▶ [Exercise objective]
Return an exact copy of the data, starting at its first line and ending at the line that contains "The Quote Comments", minus any pictures.

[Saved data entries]
-- -- --

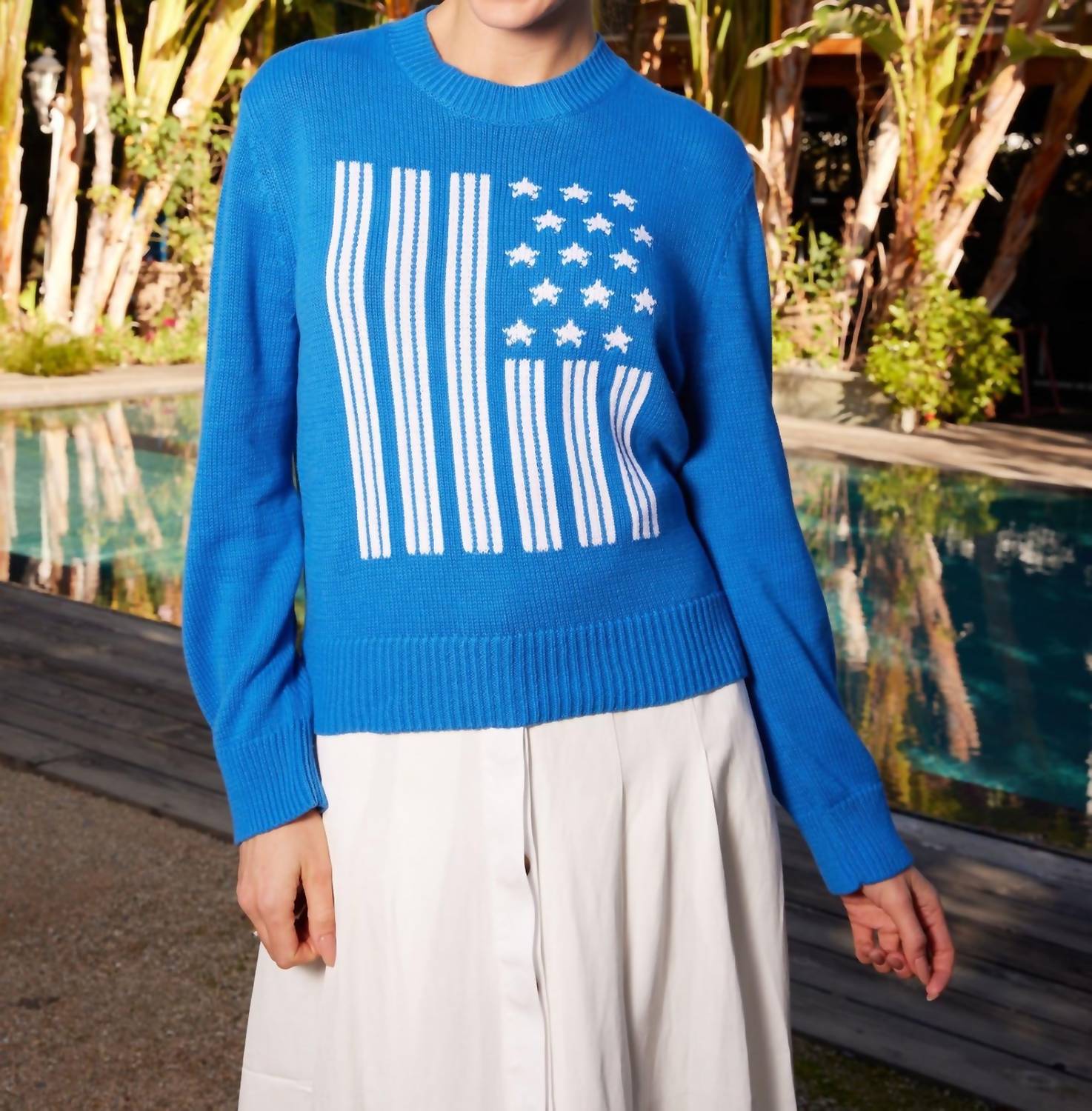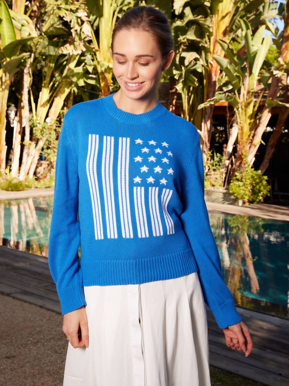 The ultimate go-to sweater, expertly crafted to provide the perfect combination of warmth and style. Its classic design and soft fabric make it a must-have addition to your wardrobe. Celebrate patriotic style with the long sleeve Freedom Sweater by 27 Miles Malibu. Crafted from cotton, this crewneck knit features a striking multi-pattern blend of vertical stars-and-stripes in crisp white, black accents. Its pull-on closure makes it effortlessly wearable for summer occasions like 4th of July celebrations or vacation outings. With its bold design, it's the perfect blend of statement-making and everyday versatility for women 30+.
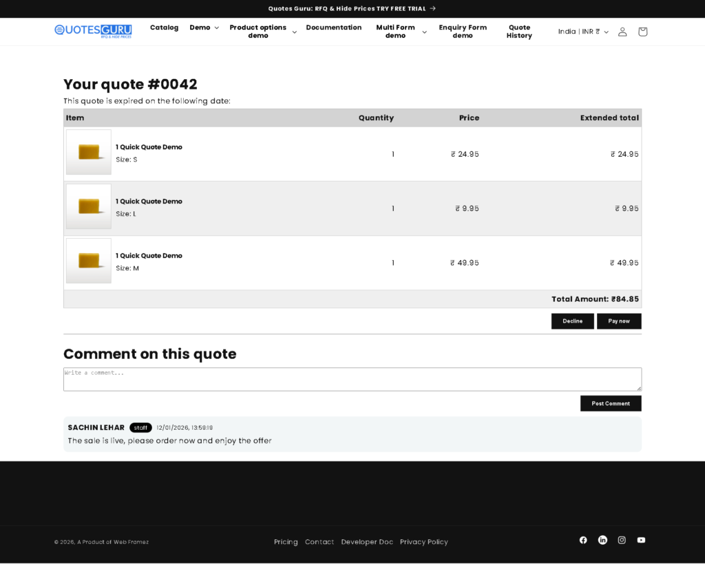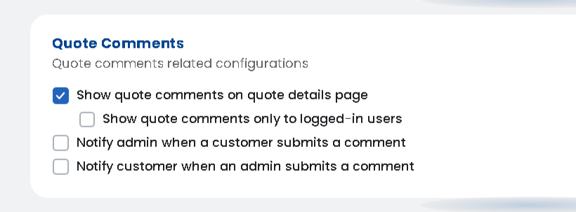 The Quote Comments feature allows merchants and customers to communicate directly within a quote. This helps keep all discussions, clarifications, and updates centralized, reducing back-and-forth emails and improving quote conversion efficiency.
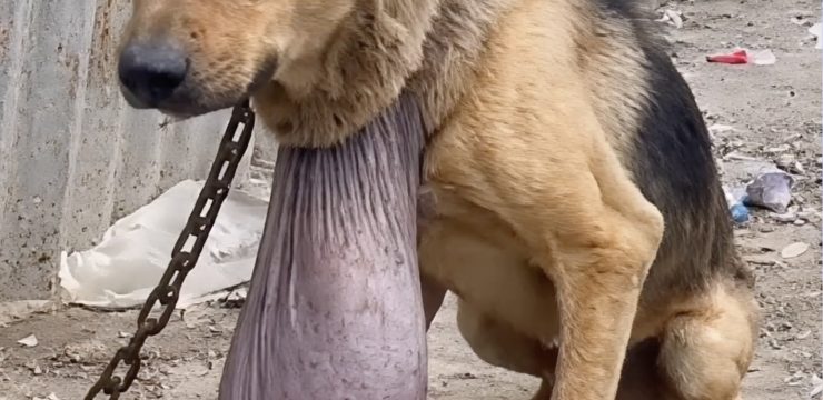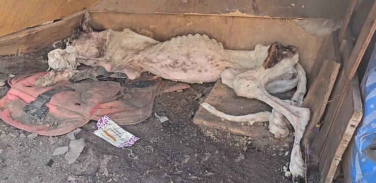 The new owners were unprepared for what they found. Inside that dark enclosure was a frail, malnourished dog whose body bore the visible marks of long-term mistreatment. Her fur was thin and patchy, her skin inflamed and wounded, and a heavy chain restrained her so tightly that escape had never been an option. Years of isolation had taken more than a physical toll. Angela’s eyes reflected a deep, instinctive fear of everything around her. Every sound, every movement, seemed to confirm the world as a place of danger rather than safety.
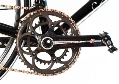 Obwohl die technische Entwicklung heute Rennräder ermöglicht, die elektronisch Schalten und hydraulisch gebremst werden und dabei teilweise noch deutlich unter sechs Kilo wiegen, erfreut sich das klassische Rennrad aus Stahl immernoch erstaunlicher Beliebtheit. Wir lieben beides, das klassische und das moderne. Sie bekommen bei uns daher beides, sehr gerne auch in einem Rad. Es spricht weder technisch noch optisch irgendetwas gegen einen Stahlrahmen mit moderner 11-fach-Schaltung und leichten Laufrädern. Sie werden erstaunt sein, was man aus einem klassischen „alten“ Rahmen so alles rausholen kann.
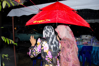 Just as people were about to go home it started to rain very heavily so we pulled everyone inside and had to send each person with a payung.
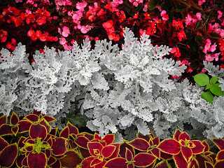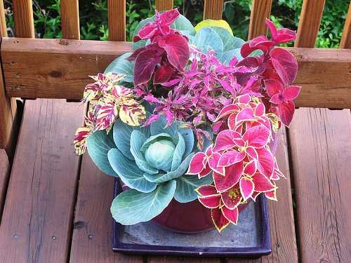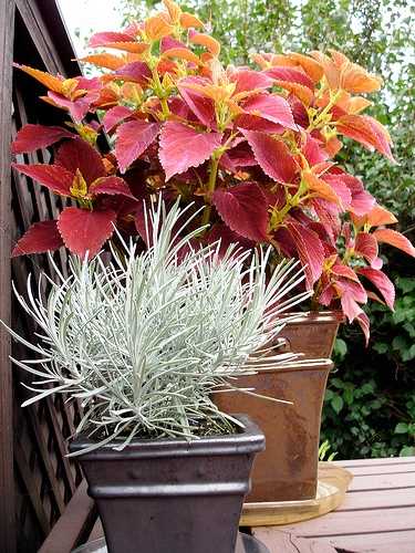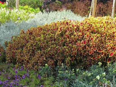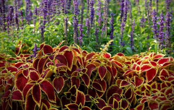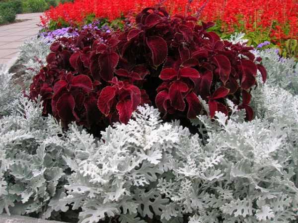 У колеусов очень красивые пестрые листья, поэтому они прекрасно смотрятся в сочетании с такими растениями, у которых однотонные листья. Лучше всего подойдут цинерария, шалфей, овсяница сизая. Такие растения будут подчеркивать яркие необычные листья колеуса, создавая им выгодный фон. Клумба, составленная из различных растений, будет выглядеть очень декоративно.

-- -- --

▶ [Result]
 The ultimate go-to sweater, expertly crafted to provide the perfect combination of warmth and style. Its classic design and soft fabric make it a must-have addition to your wardrobe. Celebrate patriotic style with the long sleeve Freedom Sweater by 27 Miles Malibu. Crafted from cotton, this crewneck knit features a striking multi-pattern blend of vertical stars-and-stripes in crisp white, black accents. Its pull-on closure makes it effortlessly wearable for summer occasions like 4th of July celebrations or vacation outings. With its bold design, it's the perfect blend of statement-making and everyday versatility for women 30+.
 The Quote Comments feature allows merchants and customers to communicate directly within a quote. This helps keep all discussions, clarifications, and updates centralized, reducing back-and-forth emails and improving quote conversion efficiency.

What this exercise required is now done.